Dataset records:
● ● ● ● ●
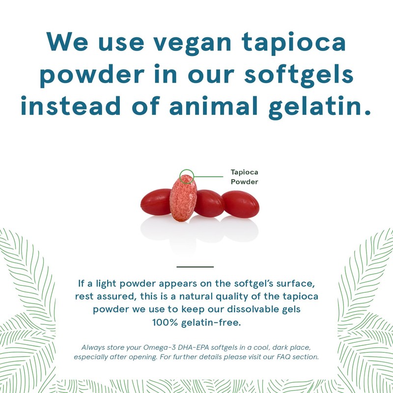 - NON-FISH SOFTGEL: This algae omega does not have a fishy taste. DEVA Vegan DHA & EPA oil is encapsulated in non-animal vegan softgels, and it is carrageenan-free. There is no gelatin or other animal-derived ingredients.
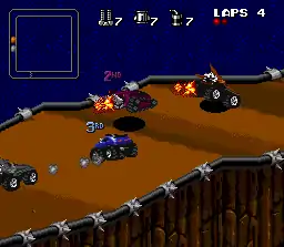 While it is a racing game, there is heavy emphasis on attacking competitor's vehicles; since the cars always reappear with full health just a few seconds after blowing up, the only "harm" done is falling behind in the race. Players are rewarded with a monetary "attack bonus" each time they provide the finishing blow against another car using their forward or rear weapons (and a similar "lapping bonus" when they gain a full one-lap lead on an opponent during the race). In accordance with the continual destruction and restoration of the racing vehicles, the tracks are littered with mines and health power-ups, as well as money power-ups. Other hazards include oil slicks, snow drifts, and lava, depending on the planet hosting the race.
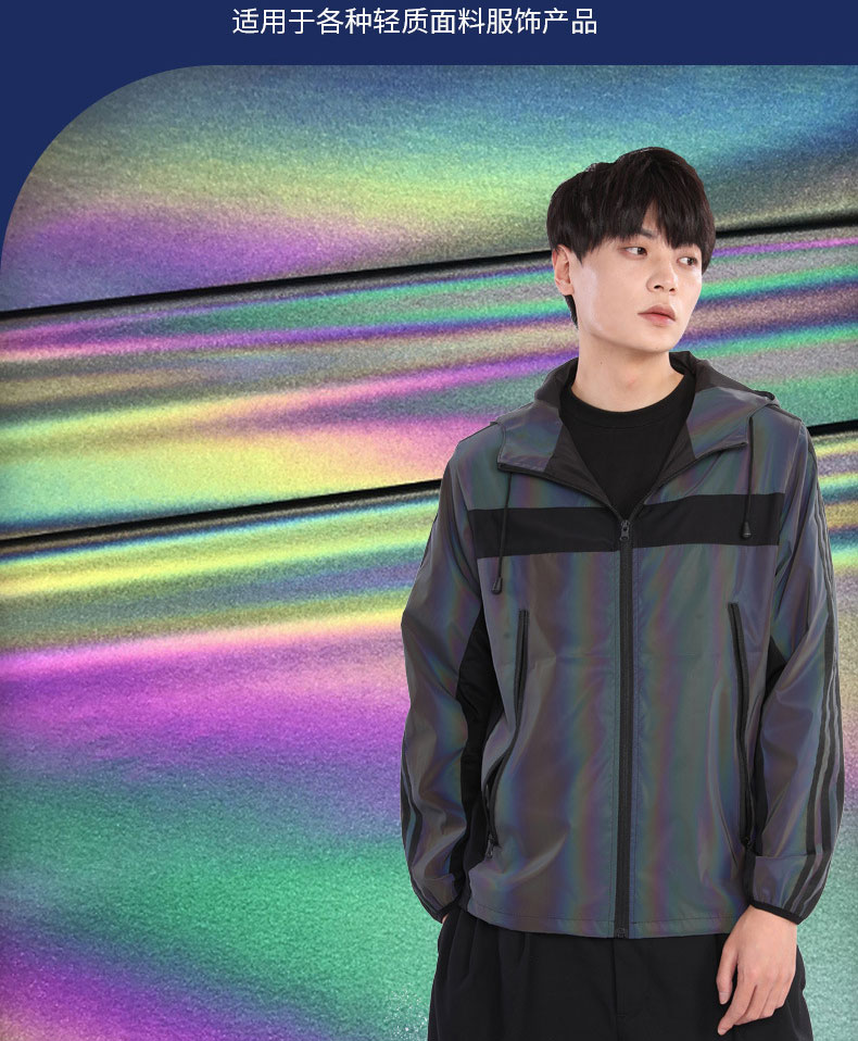 炫彩华体会平台-华体会(中国)布又称幻彩/七彩华体会平台-华体会(中国)布,在夜晚灯光照射下可呈现如彩虹般渐变色,其出色华体会平台-华体会(中国)性能的同时又兼顾色彩多样性, 可广泛应用于各类休闲服饰及户外用品等领域。
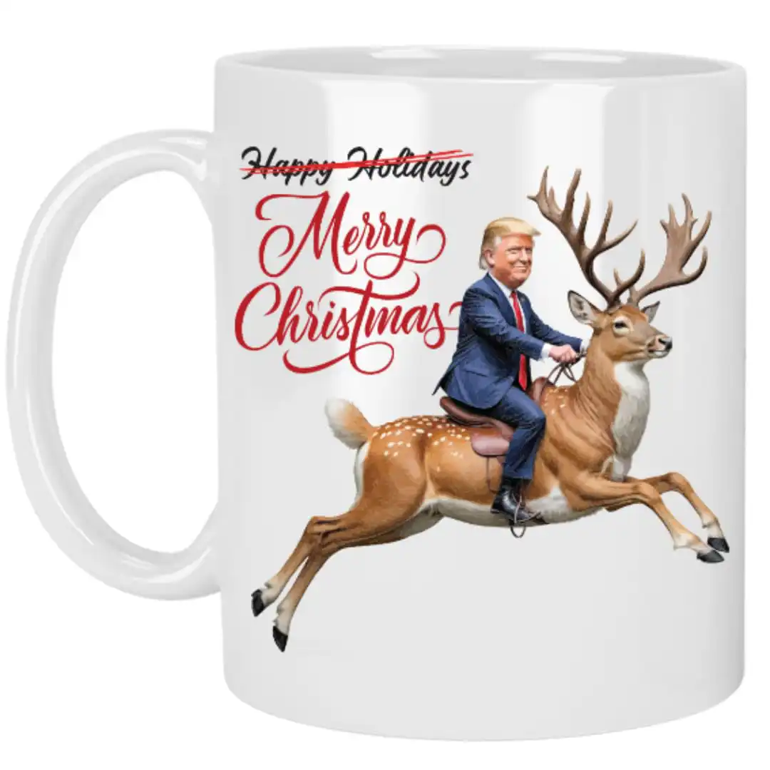 The design of this mug features a whimsical Christmas reindeer and a playful nod to the President of the United States. Its modern, heavy-duty construction ensures it can withstand daily use, while the vibrant graphics are printed on both sides—perfect for left-handed coffee lovers! Moreover, it showcases a unique blend of charm and wit, making each sip a delightful experience.
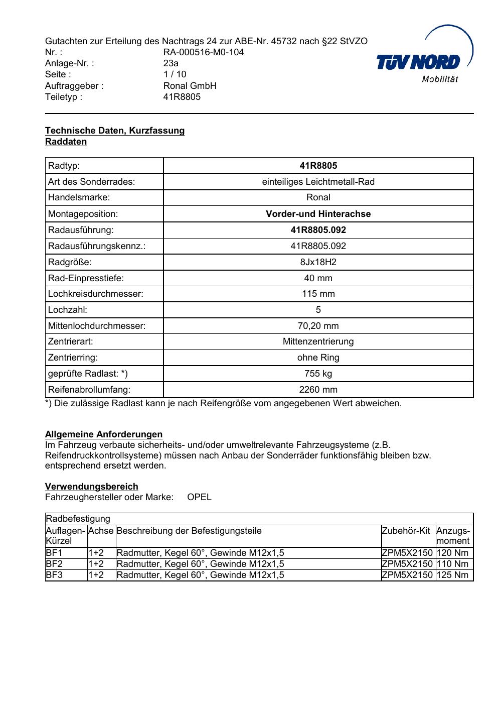 Dieses Gutachten (abe) bezieht sich auf die Alufelge brand-ronal 41R8805 in der Ausführung 8Jx18 ET 0, Mittenloch 0 mm (KBA 45732). Im PDF findest du typischerweise zulässige Reifengrößen, Auflagen/Anbauhinweise und – je nach Dokument – Hinweise zur Eintragung.
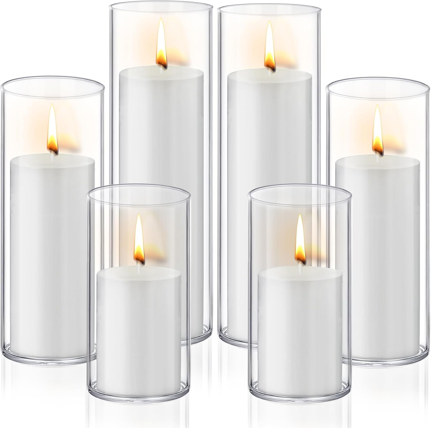 - 【Multi-Size】You will get 6 glass cylinder holders and 6 pillar candles,the diameter of glass candle holder all in 2.57 inch, the height is 4.72 inch,5.91 inch,and 7.82 inch, the diameter of all pillar candle holders is 1.97 inch,the height is 2.95 inch, 3.94 inch, and 5.91 inch, variety of sizes perfect for your all decoration needs.
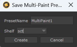 button Saves the current settings as a Preset. Opens up pop up window to define the Preset Name and Shelf to store the preset on.
● ● ● ● ●
In the records above, locate the line with "Dieses Gutachten (abe)"; output it and each line after it through the last one, exactly, omitting pictures.

 Dieses Gutachten (abe) bezieht sich auf die Alufelge brand-ronal 41R8805 in der Ausführung 8Jx18 ET 0, Mittenloch 0 mm (KBA 45732). Im PDF findest du typischerweise zulässige Reifengrößen, Auflagen/Anbauhinweise und – je nach Dokument – Hinweise zur Eintragung.
 - 【Multi-Size】You will get 6 glass cylinder holders and 6 pillar candles,the diameter of glass candle holder all in 2.57 inch, the height is 4.72 inch,5.91 inch,and 7.82 inch, the diameter of all pillar candle holders is 1.97 inch,the height is 2.95 inch, 3.94 inch, and 5.91 inch, variety of sizes perfect for your all decoration needs.
 button Saves the current settings as a Preset. Opens up pop up window to define the Preset Name and Shelf to store the preset on.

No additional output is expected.